Забегаловки и рестораны были чуть ли не единственным клубом встреч летчиков. Такие интеллигенты, как Шиянов, Галлай могли найти интересы вне работы – вне вина. Менее увлеченные чем-то и менее стойкие, могли не устоять – даже против своего желания. По пути с работы, из Жуковского, из ЛИИ в Москву, где жили многие испытатели, близ шоссе стояла винная палатка. К ней прикипело многострадальное название, данное то ли самими летчиками, то ли их женами: "Господи, пронеси!.."
Около нее, обычно, останавливались "жаждавшие", и даже для святых – трезвенников было дурным тоном проехать мимо отдыхавших после напряженного летного дня друзей. Таких "точек", носивших более или менее поэтичные, образные названия: "Дубки", "Говорящие головы", в округе было немало.
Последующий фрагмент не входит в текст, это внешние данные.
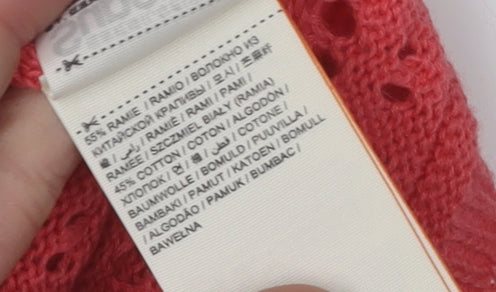 This vibrant red SuperDry women's jumper, designed in an open-knit style, is perfect for a casual and trendy summer look. With its alluring cold shoulder sleeves and comfortable round neckline, this pullover combines style and ease. The blend of ramie and cotton ensures breathability, making it ideal for warm weather. Despite the absence of tags, this jumper remains in excellent condition, ready to enhance your wardrobe. Perfect for casual outings or relaxed social gatherings, this jumper offers a fresh and stylish appeal.

Эти "точки", да плюс к тому московские рестораны – платили-то летчикам хорошо – становились сущим бедствием для жен. «Жду, жду его. А его все нет и нет, – вспоминала Маргарита Карловна. – Нервы напряжены. Не знаю, что скажут, если позвонят с той же работы: жив -не жив?! Самой звонить уже неудобно – надоела. Но нет мужика моего, куда он девался? И вдруг – звонок в квартиру! У меня в передней был шомпол, которым Сергей чистил мелкокалиберную винтовку. Сколько раз ему доставалось "по заслугам", а сколько – "по ошибке": ведь он даже будучи трезвым, как стеклышко, не мог войти в дом нормально. Он обязательно что-нибудь придумывал. Шутник был редкостный. Горе мое – любил он меня... Однажды он запаздывал, а мы собрались идти в театр. Я одна в театр не пошла и сижу расстроенная: он любил театр, любил балет и очень любил оперу, а тут – опаздывал. Сижу, жду-жду, переживаю: что-то произошло... Вдруг – звонок! Залаял его любимый пес. Открываю дверь. И вижу: мой муж на четырех "ногах" спускается вниз с лестницы. Я беру шомпол – он наготове. Из разреза шинели торчит худенький зад Сергея. Я – р-р-раз, шомполом! Сергей вскакивает и совершенно трезвым голосом говорит: "Маргош, ты что, с ума сошла? Я же пошутил..." Оказалось, на работе случилось ЧП – он и задержался...».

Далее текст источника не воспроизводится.